- Entry level
- No Education
- Salary to negotiate
- Palo Alto
Since its origin, Cloudera has enabled customers to effectively manage and gain insight into their data leveraging both on-premises and cloud infrastructure. We are now working on providing a unified data platform that enables customers to effortlessly access, manage and leverage data -- regardless of where it resides. This platform will enable enterprises to run data applications such as Machine Learning and Data Warehousing., while providing security and governance to the underlying data. The Cloud team is focused on at least two major areas - Control Plane and Workload Enablement.
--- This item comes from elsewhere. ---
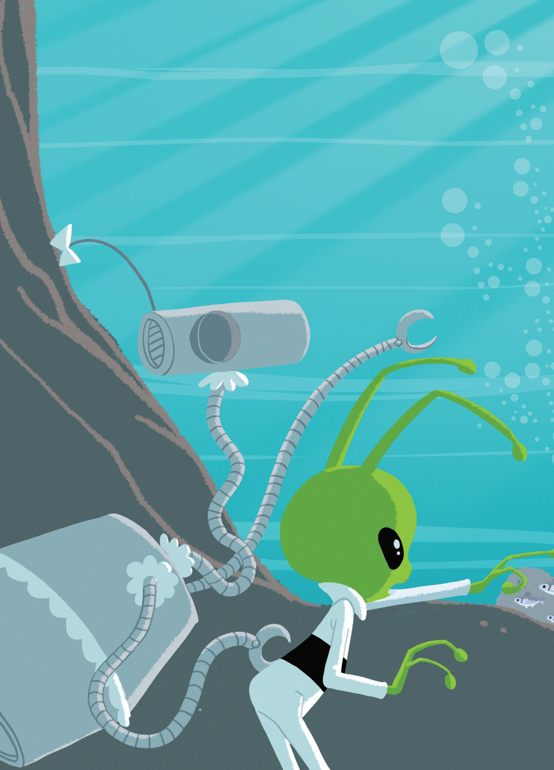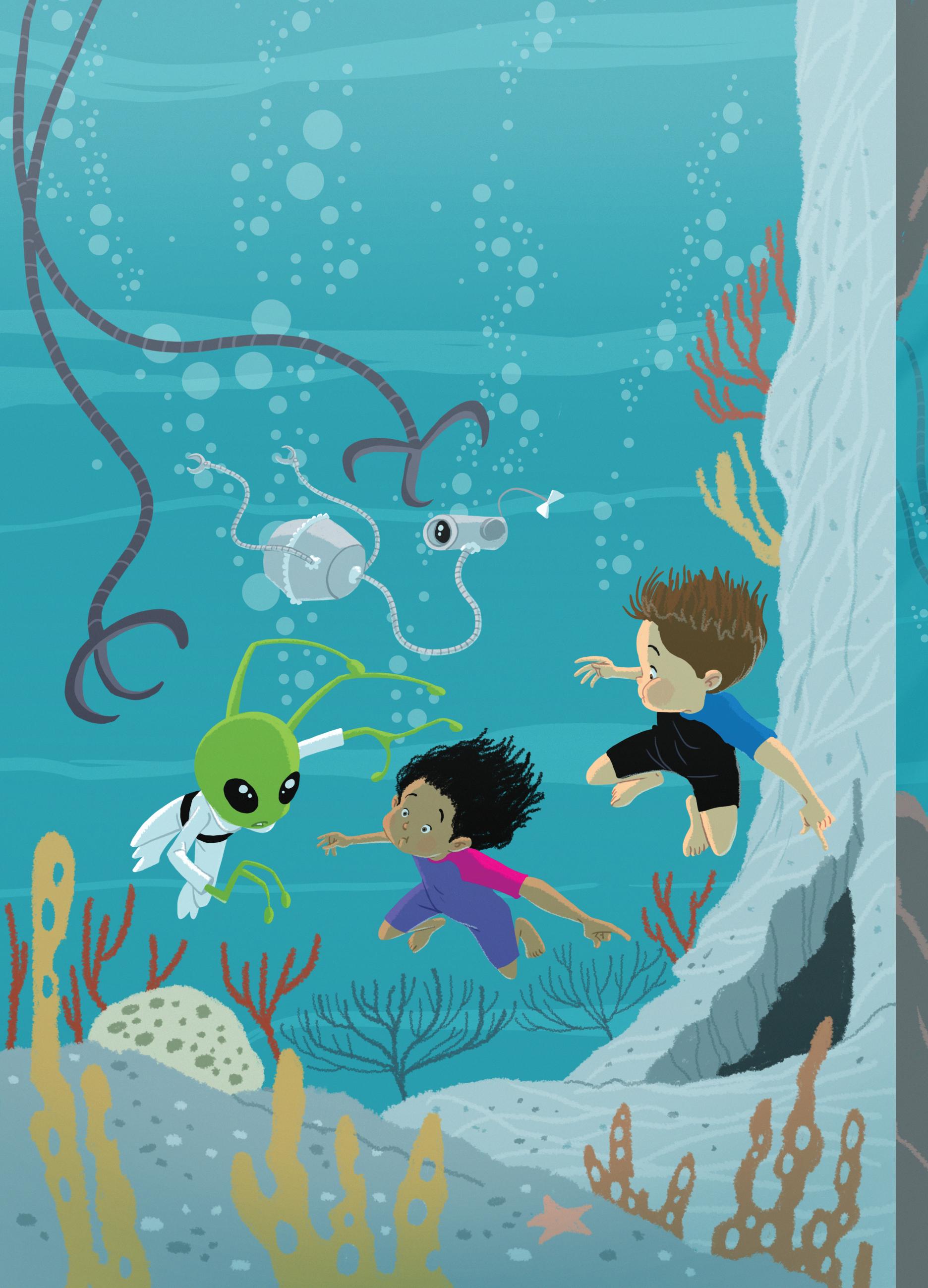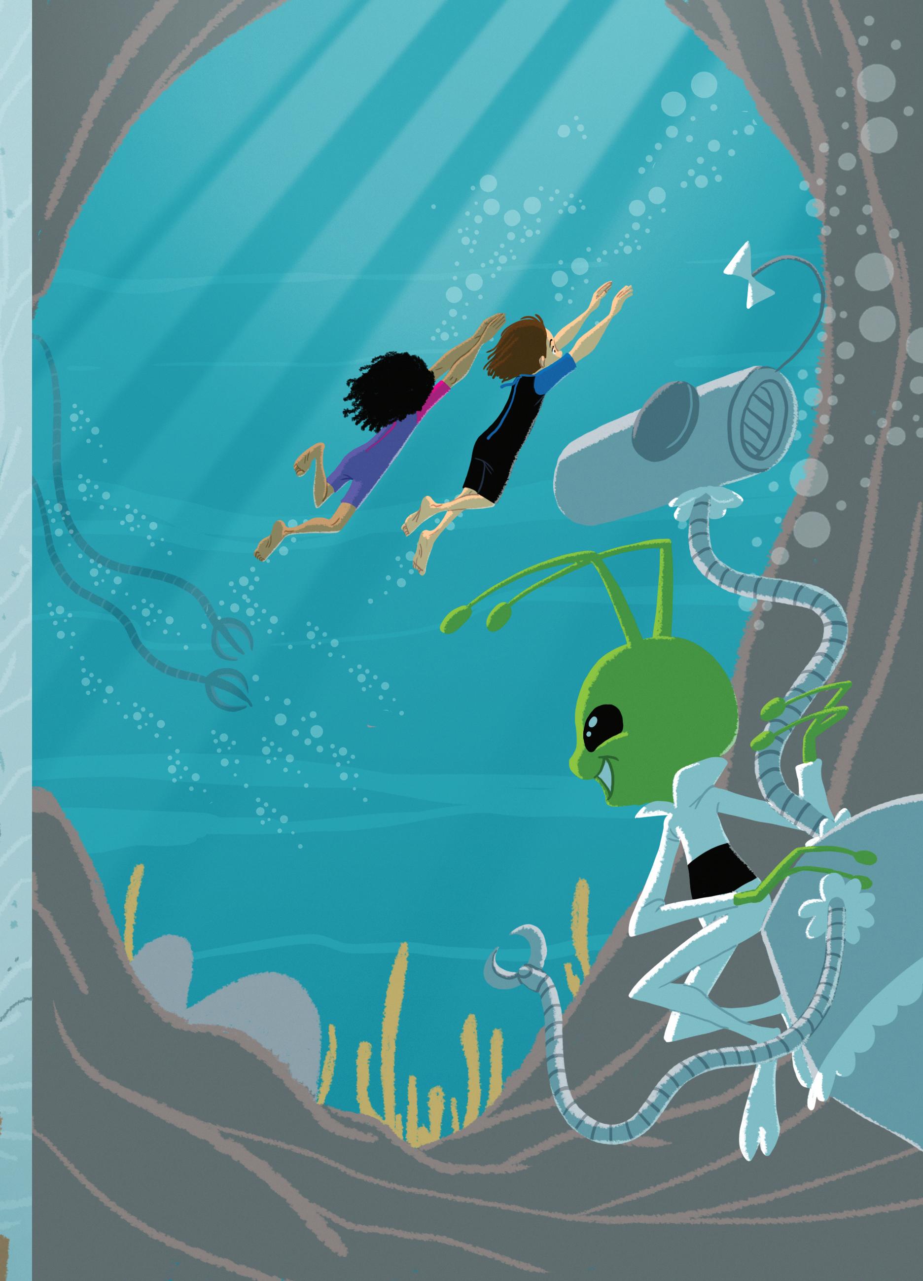 6 Davide e Susanna si tuffano in mare. Le lunghe braccia nere dell’astronave sono vicine!

The Control Plane is the point of access for Cloudera’s cloud service for customers. It enables a coherent experience for operators of enterprise data clouds to manage and provision workloads for their users. Key considerations in building the control plane include robustness, scalability, portability and consistent APIs whether the control plane is operated by Cloudera or by customers, in public clouds or private datacenters. The Control Plane, built on top of Kubernetes, provides user management, telemetry on clusters running the workloads, defines ways to deploy and launch services and workloads, billing, metering, etc.
The Workload Enablement area involves things like Cloud Storage Connectors. This is being able to use cloud storage (s3, etc.) effectively (being secure, optimal and consistent) from the workload clusters running in the cloud. The other areas are to do with things like being able to react to cloud VM failures, things like autoscaling of workloads, security infrastructure for workloads, etc.
Skillsets: Operating Systems and Filesystem internals, Java, Go, Kubernetes, Microservices architecture and implementation, Performance benchmarking, experience with AWS, Azure or GCP.
Technologies Used: Kubernetes, Hadoop, REST, AWS / Azure / GCP Cloud technologies
About the company
Cloudera, Inc. is a US-based software company that provides a software platform for data engineering, data warehousing, machine learning and analytics that runs in the cloud or on premises.